Data section section start

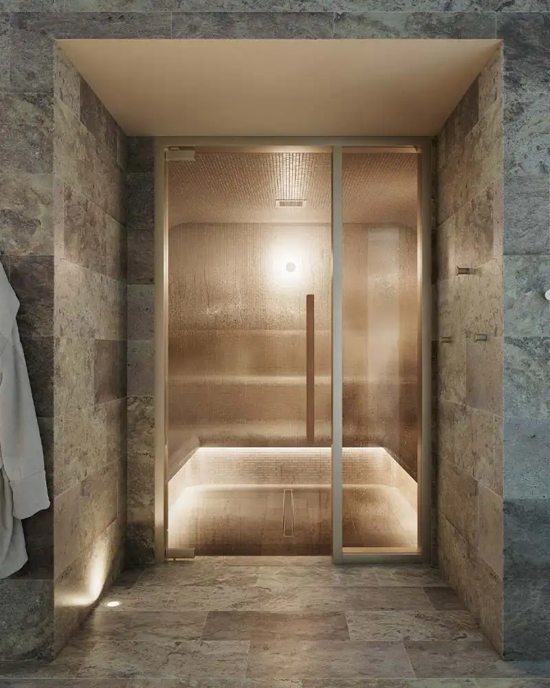 Backdropped by expansive ceilings, moody lighting, and travertine stone, The Bathhouse Albion is designed to mimic traditional European bathhouses.
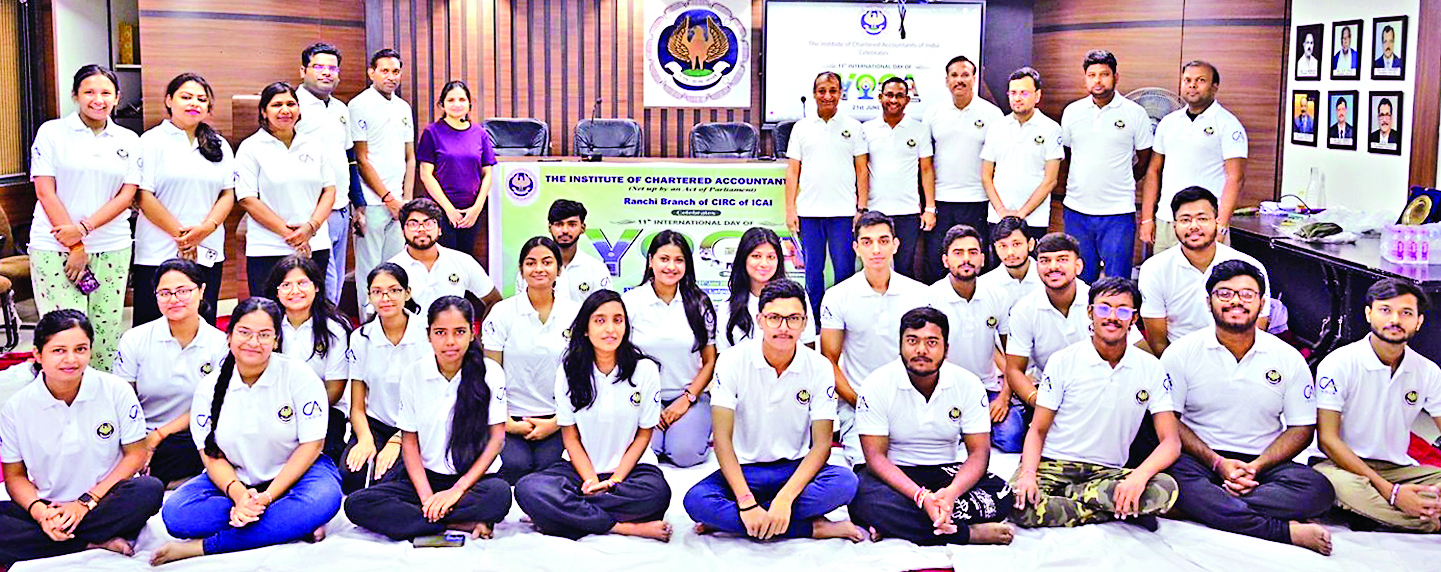 : योग दिवस पर आइसीएआइ का विशेष कार्यक्रम रांची . अंतरराष्ट्रीय योग दिवस के मौके पर द इंस्टीट्यूट ऑफ चार्टर्ड एकाउंटेंट्स ऑफ इंडिया (आइसीएआइ), रांची शाखा ने विशेष कार्यक्रम का आयोजन किया. शाखा अध्यक्ष सीए अभिषेक केडिया ने कहा कि योग केवल व्यायाम नहीं, बल्कि एक जीवनशैली है. कार्यक्रम की शुरुआत लेखन प्रतियोगिता से हुई, विषय संतुलित जीवन के लिए योग था. वहीं, स्लोगन प्रतियोगिता का विषय एक पृथ्वी, एक स्वास्थ्य के लिए योग था. कार्यक्रम का प्रमुख आकर्षण योग प्रशिक्षण शिविर था. संचालन स्वर्णीय योग की संस्थापक शिल्पा जैन ने किया. उन्होंने प्रतिभागियों को योगासन एवं प्राणायाम का प्रशिक्षण दिया. साथ ही नियमित योग करने के फायदे बताये. कार्यक्रम में रांची शाखा के सचिव सीए भुवनेश ठाकुर, सीए हरेंद्र भारती, सीए दिलीप कुमार सहित कई सीए और सीए विद्यार्थी शामिल हुए.
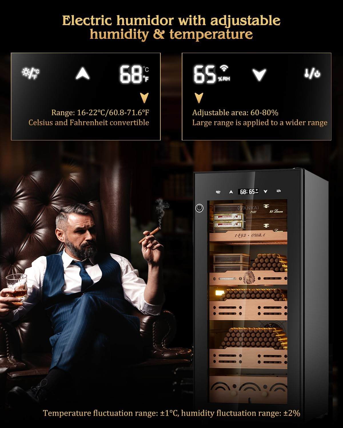 Equipped with a high-performance compressor, this electric cigar humidor rapidly cools to your desired temperature (64â68°F / 18â20°C) in about one hour. The built-in circulating water tank and fan maintain steady humidity at 65â70% RH, with minimal fluctuation (±1°C / ±2% RH) after setupâkeeping your cigars perfectly preserved at all times.

Data section section end

**Exercise instructions**
Repeat the lines above, starting at the first and stopping after the line that holds "विद्यार्थी शामिल हुए.", with the pictures left out.

**Answer**
 Backdropped by expansive ceilings, moody lighting, and travertine stone, The Bathhouse Albion is designed to mimic traditional European bathhouses.
 : योग दिवस पर आइसीएआइ का विशेष कार्यक्रम रांची . अंतरराष्ट्रीय योग दिवस के मौके पर द इंस्टीट्यूट ऑफ चार्टर्ड एकाउंटेंट्स ऑफ इंडिया (आइसीएआइ), रांची शाखा ने विशेष कार्यक्रम का आयोजन किया. शाखा अध्यक्ष सीए अभिषेक केडिया ने कहा कि योग केवल व्यायाम नहीं, बल्कि एक जीवनशैली है. कार्यक्रम की शुरुआत लेखन प्रतियोगिता से हुई, विषय संतुलित जीवन के लिए योग था. वहीं, स्लोगन प्रतियोगिता का विषय एक पृथ्वी, एक स्वास्थ्य के लिए योग था. कार्यक्रम का प्रमुख आकर्षण योग प्रशिक्षण शिविर था. संचालन स्वर्णीय योग की संस्थापक शिल्पा जैन ने किया. उन्होंने प्रतिभागियों को योगासन एवं प्राणायाम का प्रशिक्षण दिया. साथ ही नियमित योग करने के फायदे बताये. कार्यक्रम में रांची शाखा के सचिव सीए भुवनेश ठाकुर, सीए हरेंद्र भारती, सीए दिलीप कुमार सहित कई सीए और सीए विद्यार्थी शामिल हुए.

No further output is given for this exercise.